I try to leave space in all my classes for freedom. Time and room for Shakti to do her thing - time and room for you to explore what it feels like in your body to move this way and that. Time and room for you to build a deeper trust to the voice within. To your heart. 

We live in a society with a lot of structure - Government, Medicine, and the School system all have policies in place that (for the most part) were put in place for the greater good. At least I like to assume that was the initial goal. But just like a building that was built too tall and without any freedom to move, eventually a stiff wind is going to knock it down. 

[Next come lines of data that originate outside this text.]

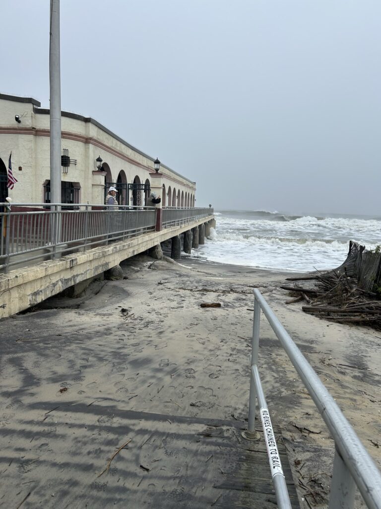 Beach erosion evident in Ocean City, NJ yesterday; beach normally extends out several posts further on the Music Pier. (Pic via author’s mother)
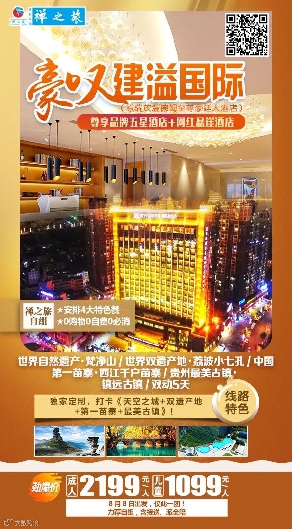 力荐自组【豪叹独山建溢国际酒店.品质升级】贵州梵净山、荔波小七孔、西江千户苗寨、镇远古镇双动五天
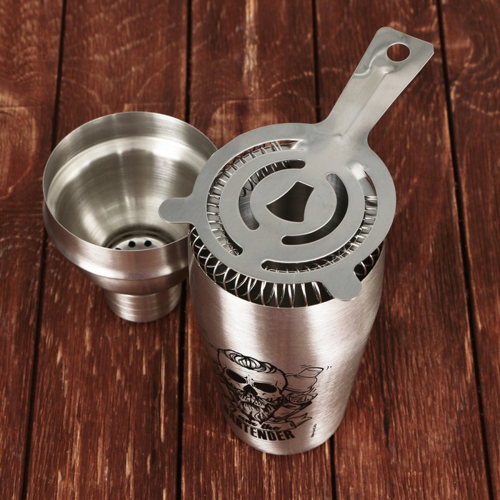 Набор для приготовления коктейлей «Король бара», гейзер, джиггер, шейкер 600 мл, стрейнер, ложка
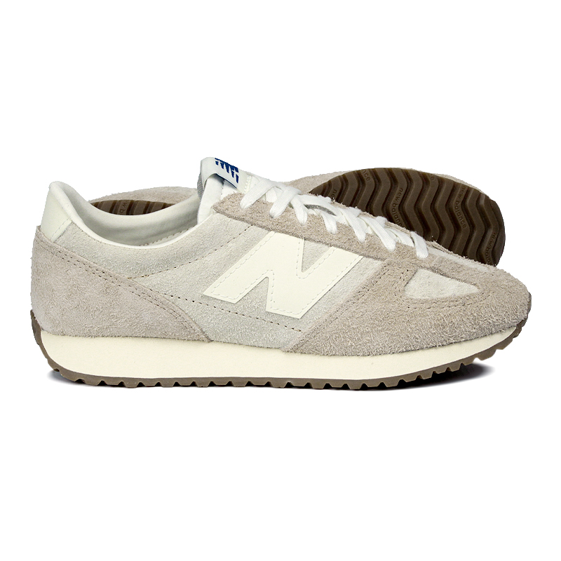 O tênis New Balance 471 Marrom Claro reúne estética vintage com funcionalidade moderna. Seu cabedal em couro confere durabilidade, enquanto a entressola em EVA com perfil em cunha e o solado em padrão espinha de peixe trazem referência direta aos modelos de corrida dos anos 70. O contraste entre detalhesmarrom claro e off-white reforça o visual retrô-sofisticado.
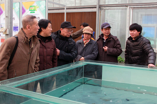 员工讲解员首先为前来参观的老师们介绍了大厅展板上所展示的我公司教师在科研、教学方面取得的成绩以及发表的论文、出版的书籍等。接下来,讲解员带领老师们来到温暖的智能温室,温室中绿意盎然,空气清新,美丽的绿植墙和智能高密度养鱼系统等现代农业设施立刻吸引了大家的注意。员工讲解员认真耐心的为老师们一一讲解和展示着现代智能温室的控制系统、潮汐灌溉技术、智能高密度养鱼系统等。
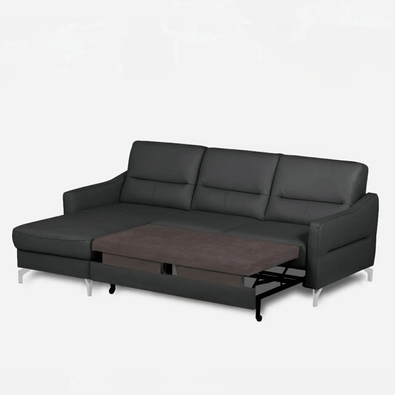 - Chromowane nóżki – podkreślają elegancki, współczesny charakter narożnika i dodają mu blasku, stając się stylowym elementem wnętrza.

In one of my first lectures in the Ayurveda training I am taking, she talked about the energies of Shiva (masculine) and Shakti (feminine). Shiva is the observer, it is structure. While shakti is the observed, the creative force, the power. Both need each other and both are equally important. The problem arises when we have too much of one. Too much Shakti with no container and the energy spirals out of control. Too much Shiva, however, and Shakti has no where to explore, to go. She just builds and builds until one day she is too much for the structure to hold and there is destruction. 

Have you witnessed or heard stories of a child who was raised in a super strict home, only to go wild once set free at college? Their Shakti was kept on too short of a leash. 

Have you experienced this within yourself? Have you deprived yourself of something you like (food, shopping, etc) - all with good intentions - and then completely binge?

Yoga practice can be the same way. I believe if we approach our yoga practice with only the Shiva in mind - only the structure - “I’m going to do this pose perfect.